= Rapides Parish School Board =

School district in Louisiana, United States

Rapides Parish School Board is a school district headquartered in Alexandria, Louisiana.

It covers all of Rapides Parish.

==History==

By 1993 the district had established a secondary school for students with behavior issues, called Redirection Academy. That year, the U.S. federal court system stopped the district from establishing a magnet school for academically advanced students.

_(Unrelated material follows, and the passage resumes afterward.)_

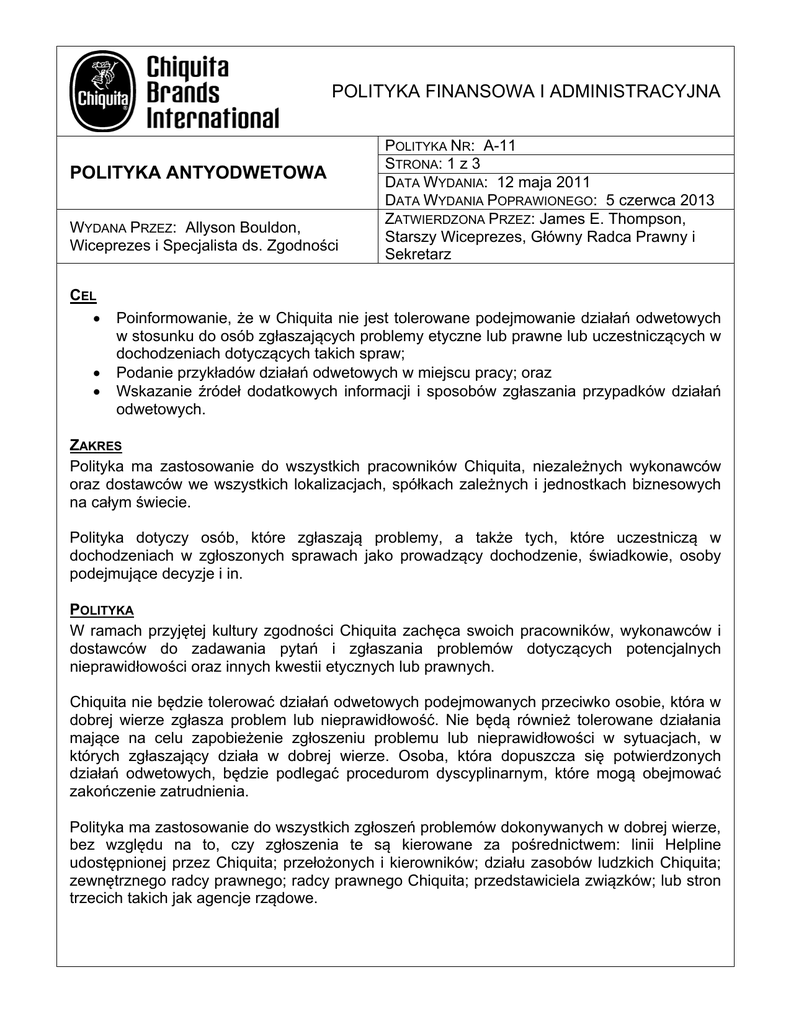 POLITYKA FINANSOWA I ADMINISTRACYJNA POLITYKA ANTYODWETOWA WYDANA PRZEZ: Allyson Bouldon, Wiceprezes i Specjalista ds. Zgodności CEL POLITYKA NR: A-11 STRONA: 1 z 3 DATA WYDANIA: 12 maja 2011 DATA WYDANIA POPRAWIONEGO: 5 czerwca 2013 ZATWIERDZONA PRZEZ: James E. Thompson, Starszy Wiceprezes, Główny Radca Prawny i Sekretarz Poinformowanie, że w Chiquita nie jest tolerowane podejmowanie działań odwetowych w stosunku do osób zgłaszających problemy etyczne lub prawne lub uczestniczących w dochodzeniach dotyczących takich spraw; Podanie przykładów działań odwetowych w miejscu pracy; oraz Wskazanie źródeł dodatkowych informacji i sposobów zgłaszania przypadków działań odwetowych. ZAKRES Polityka ma zastosowanie do wszystkich pracowników Chiquita, niezależnych wykonawców oraz dostawców we wszystkich lokalizacjach, spółkach zależnych i jednostkach biznesowych na całym świecie. Polityka dotyczy osób, które zgłaszają problemy, a także tych, które uczestniczą w dochodzeniach w zgłoszonych sprawach jako prowadzący dochodzenie, świadkowie, osoby podejmujące decyzje i in. POLITYKA W ramach przyjętej kultury zgodności Chiquita zachęca swoich pracowników, wykonawców i dostawców do zadawania pytań i zgłaszania problemów dotyczących potencjalnych nieprawidłowości oraz innych kwestii etycznych lub prawnych. Chiquita nie będzie tolerować działań odwetowych podejmowanych przeciwko osobie, która w dobrej wierze zgłasza problem lub nieprawidłowość. Nie będą również tolerowane działania mające na celu zapobieżenie zgłoszeniu problemu lub nieprawidłowości w sytuacjach, w których zgłaszający działa w dobrej wierze. Osoba, która dopuszcza się potwierdzonych działań odwetowych, będzie podlegać procedurom dyscyplinarnym, które mogą obejmować zakończenie zatrudnienia. Polityka ma zastosowanie do wszystkich zgłoszeń problemów dokonywanych w dobrej wierze, bez względu na to, czy zgłoszenia te są kierowane za pośrednictwem: linii Helpline udostępnionej przez Chiquita; przełożonych i kierowników; działu zasobów ludzkich Chiquita; zewnętrznego radcy prawnego; radcy prawnego Chiquita; przedstawiciela związków; lub stron trzecich takich jak agencje rządowe. POLITYKA ANTYODWETOWA POLITYKA NR: A-11 STRONA: 2 z 3 DATA WYDANIA: 12 maja 2011 DATA WYDANIA POPRAWIONEGO: 5 czerwca 2013 Niżej podano przykłady zachowań, które nie będą tolerowane, jeśli będą one stanowić część działań odwetowych w związku ze zgłoszeniem pytań lub problemów lub udziałem w dochodzeniu: Wykluczenie z podejmowania decyzji i działań związanych z pracą; Okazywanie lekceważenia/wrogości przez przełożonych lub współpracowników; Werbalne obrażanie przez przełożonego lub innego członka kadry zarządzającej; Zwolnienie, degradacja lub groźby dotyczące zwolnienia lub degradacji; Odmowa awansu, podwyżki, przydzielenia pracownika do określonych zadań lub jego przeniesienia; Przydzielenie pracownikowi mniej pożądanych przez niego zmian lub zadań; Zmniejszenie liczby godzin pracy; Przemoc fizyczna skierowana przeciwko osobom lub mieniu oraz groźby dotyczące takiej przemocy; lub Inne negatywne działania odwetowe związane z zatrudnieniem. Postanowienia Polityki nie odbierają jednak firmie Chiquita prawa podejmowania decyzji kadrowych wynikających ze zgodnych z prawem powodów biznesowych, niemających charakteru odwetowego. ZGŁASZANIE PROBLEMÓW Przypadki działań odwetowych oraz inne problemy etyczne lub prawne mogą być zgłaszane bezpośredniemu przełożonemu lub innemu przełożonemu Chiquita, pracownikowi działu zasobów ludzkich Chiquita, Dyrektorowi ds. Zgodności w Chiquita; mogą one również być zgłaszane za pośrednictwem udostępnionej przez Chiquita linii Helpline. Helpline umożliwia pracownikom Chiquita, dostawcom i innym stronom trzecim zgłaszanie problemów natury etycznej lub prawnej. Linia jest dostępna 24 godziny na dobę przez 7 dni w tygodniu, a zgłoszenia są przyjmowane we wszystkich językach. Aby połączyć się z linią Helpline, należy wybrać numer 1 888 749 1952 lub wejść na stronę www.chiquitahelpline.ethicspoint.com. Tożsamość osób dokonujących zgłoszeń, zgłaszających pytania lub problemy lub uczestniczących w dochodzeniach nie będzie ujawniana i będzie chroniona w największym możliwym stopniu. W niektórych przypadkach zachowanie pełnej poufności może jednak nie być możliwe. Osoby, którym udowodniono dokonanie zgłoszeń w złej wierze lub udział w innych wykroczeniach, mogą być poddane procedurom dyscyplinarnym, które mogą obejmować zakończenie zatrudnienia. WDROŻENIE Polityka stanowi skonsolidowaną wersję już obowiązujących wytycznych antyodwetowych, ma więc skutek natychmiastowy. POLITYKA ANTYODWETOWA POLITYKA NR: A-11 STRONA: 3 z 3 DATA WYDANIA: 12 maja 2011 DATA WYDANIA POPRAWIONEGO: 5 czerwca 2013 POWIĄZANE POLITYKI Kodeks postępowania Chiquita ZAKRES ODPOWIEDZIALNOŚCI Dział zgodności i dział zasobów ludzkich będą wspólnie podejmować działania mające na celu zapobieganie działaniom odwetowym przeciwko osobom, które zgłosiły problemy lub wzięły udział w dochodzeniu. Dyrektor ds. Zgodności jest odpowiedzialny za dokonywanie przeglądów i aktualizacji Polityki. Wszelkie pytania dotyczące stosowania lub interpretacji Polityki powinny być kierowane do Dyrektora ds. Zgodności lub pracownika działu zasobów ludzkich. Zgodność z Polityką będzie na bieżąco monitorowana, a jej przestrzeganie będzie badane przez dział audytu wewnętrznego podczas okresowych audytów.

Jeff Powell became the superintendent in 2019. In 2024, the board of trustees voted to extend his term by four years. Seven board members voted in favor and two voted against.

==Schools==
===K-12 schools===
- Glenmora High School
- Northwood High School
- Oak Hill High School
- Plainview High School

===High schools===
- Alexandria Senior High School
- Buckeye High School
- Peabody Magnet High School
- Pineville High School
- Rapides High School
- Tioga High School

===Magnet schools===
- Alexandria Middle Magnet School
- Bolton Academy
- Mabel Brasher Montessori School
- Peabody Montessori Elementary School
- Carter C. Raymond Junior School
- Rosenthal Montessori Elementary School
- Arthur F. Smith Middle Magnet School

==Operations==
By 2015, the district had established a school uniform for all schools.